Na mesma época da viagem à China, Bolsonaro passou pela Arábia Saudita, um dos países mais poderosos do Oriente Médio e grande aliado dos Estados Unidos. A viagem foi vista, também, como um sinal de pragmatismo, mas também foi alvo de críticas já que o país árabe está envolvido em uma série de polêmicas ligadas a violações aos direitos humanos, como perseguição a oponentes políticos e execuções.

Também chamou a atenção o fato de o Brasil ter votado junto com alguns países de maioria islâmica na ONU em questões relacionadas a família e sexo. O Brasil não tem aceitado mais, por exemplo, termos como “gênero” e “direito reprodutivo”, em resoluções das Nações Unidas.

Após cogitar que Brasil fosse representado apenas por embaixador brasileiro, Bolsonaro enviou o vice-presidente, Hamilton Mourão, para a posse de Alberto Fernandez na Argentina
Outro episódio que deu o que falar na política externa brasileira foi a ausência do presidente Jair Bolsonaro na posse do peronista Alberto Fernández como presidente da Argentina e de Cristina Kirchner como vice. Durante o processo eleitoral, Bolsonaro fez repetidas críticas públicas a Fernández, o que foge da tradição brasileira de se manter neutro nas disputas eleitorais dos países vizinhos.

Ele chegou a dizer que uma eventual vitória do candidato de esquerda colocaria a Argentina em risco de “virar Venezuela”.

“Povo gaúcho, se essa ‘esquerdalha’ voltar aqui na Argentina, nós poderemos ter, sim, no Rio Grande do Sul, um novo Estado de Roraima. E não queremos isso: irmãos argentinos fugindo pra cá”, disse.

O peronista foi eleito em primeiro turno, derrotando Mauricio Macri, aliado do presidente brasileiro. Bolsonaro inicialmente pretendia mandar somente o embaixador brasileiro em Buenos Aires para a cerimônia de posse. Após pressão do setor militar e econômico do governo, decidiu enviar o vice-presidente, Hamilton Mourão.

De qualquer fora, é a primeira vez em 17 anos que um presidente brasileiro não comparece à posse de um presidente argentino.

Mas será que isso vai afetar a nossa relação com a Argentina, que está entre os cinco maiores parceiros comerciais do Brasil e é o maior comprador das nossas commodities?

Para a professora Fernanda Magnotta, da FAAP, interesses econômicos devem prevalecer sobre a retórica.

“Muita gente aposta que, apesar dessa retórica contestatória, vai haver uma moderação desse discurso e um enquadramento do governo Bolsonaro pela dinâmica econômica que se impõe.

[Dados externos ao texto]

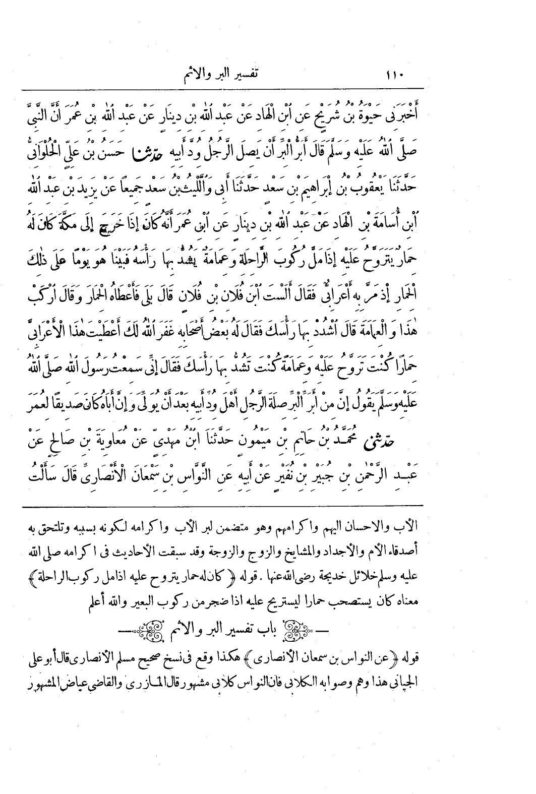 الْأَبِ وَالْإِحْسَانِ إِلَيْهِمْ وَإِكْرَامِهِمْ وَهُوَ مُتَضَمِّنٌ لِبِرِّ الْأَبِ وَإِكْرَامِهِ لِكَوْنِهِ بِسَبَبِهِ وَتَلْتَحِقُ بِهِ أَصْدِقَاءُ الْأُمِّ وَالْأَجْدَادِ وَالْمَشَايِخِ وَالزَّوْجِ وَالزَّوْجَةِ وَقَدْ سَبَقَتِ الْأَحَادِيثُ فِي إِكْرَامِهِ صَلَّى اللَّهُ عَلَيْهِ وَسَلَّمَ خَلَائِلَ خَدِيجَةَ رَضِيَ اللَّهُ عَنْهَا قَوْلُهُ (كَانَ لَهُ حِمَارٌ يَتَرَوَّحُ عَلَيْهِ إِذَا مَلَّ رُكُوبَ الرَّاحِلَةِ) مَعْنَاهُ كَانَ يَسْتَصْحِبُ حِمَارًا لِيَسْتَرِيحَ عَلَيْهِ إِذَا ضَجِرَ مِنْ رُكُوبِ الْبَعِيرِ وَاَللَّهُ أَعْلَمُ

A Argentina está no top 5 do comércio com o Brasil e tem papel importante no Mercosul”, diz.

“Com Fernández ou sem Fernández, a Argentina continua impactando muito nossa economia. Então, num momento em que a gente não está podendo se dar ao luxo de escolher parceiros, a gente vai ter que se adequar. Acho que deve acontecer um processo progressivo de normalização.”